Work item: Return exactly the lines of the entries that start at the line containing "明日から今年度初の定期考査で" and continue to the last line. Omit the pictures.

START Records to process

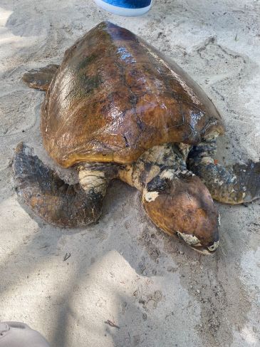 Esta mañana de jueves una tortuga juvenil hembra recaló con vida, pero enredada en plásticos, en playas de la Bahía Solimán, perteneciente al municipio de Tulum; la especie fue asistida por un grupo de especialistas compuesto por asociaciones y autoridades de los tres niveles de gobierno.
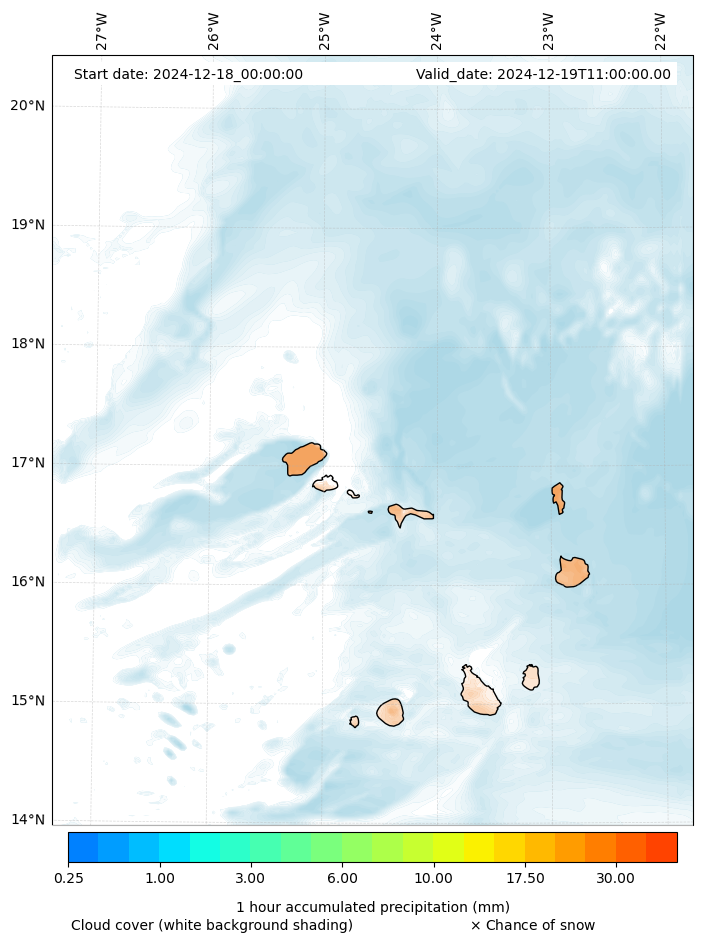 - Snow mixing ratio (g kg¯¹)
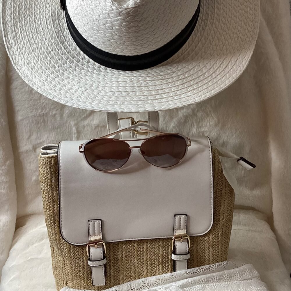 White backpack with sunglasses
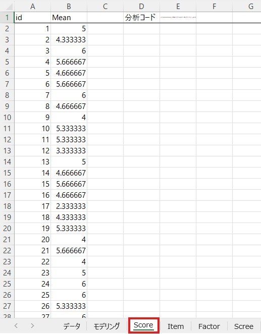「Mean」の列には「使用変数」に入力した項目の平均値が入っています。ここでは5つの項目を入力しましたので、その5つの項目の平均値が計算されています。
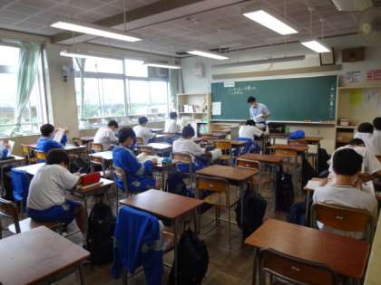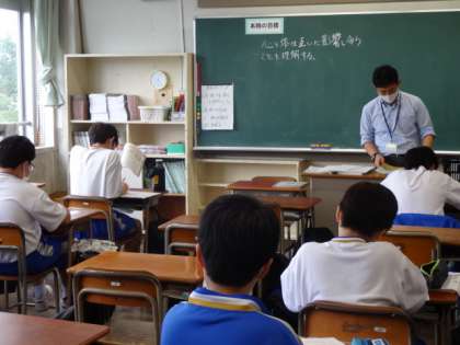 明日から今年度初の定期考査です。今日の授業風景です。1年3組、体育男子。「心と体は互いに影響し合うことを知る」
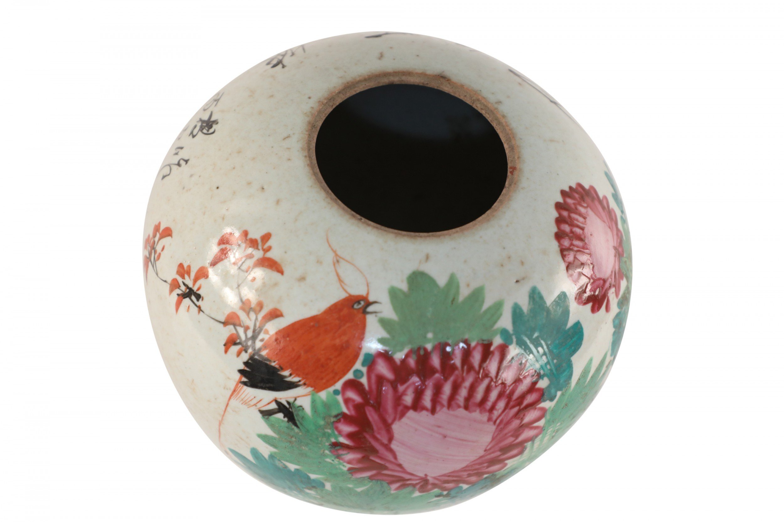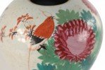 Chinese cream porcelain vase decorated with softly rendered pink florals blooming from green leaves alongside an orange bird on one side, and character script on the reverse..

END Records to process

Completed task:
 明日から今年度初の定期考査です。今日の授業風景です。1年3組、体育男子。「心と体は互いに影響し合うことを知る」
 Chinese cream porcelain vase decorated with softly rendered pink florals blooming from green leaves alongside an orange bird on one side, and character script on the reverse..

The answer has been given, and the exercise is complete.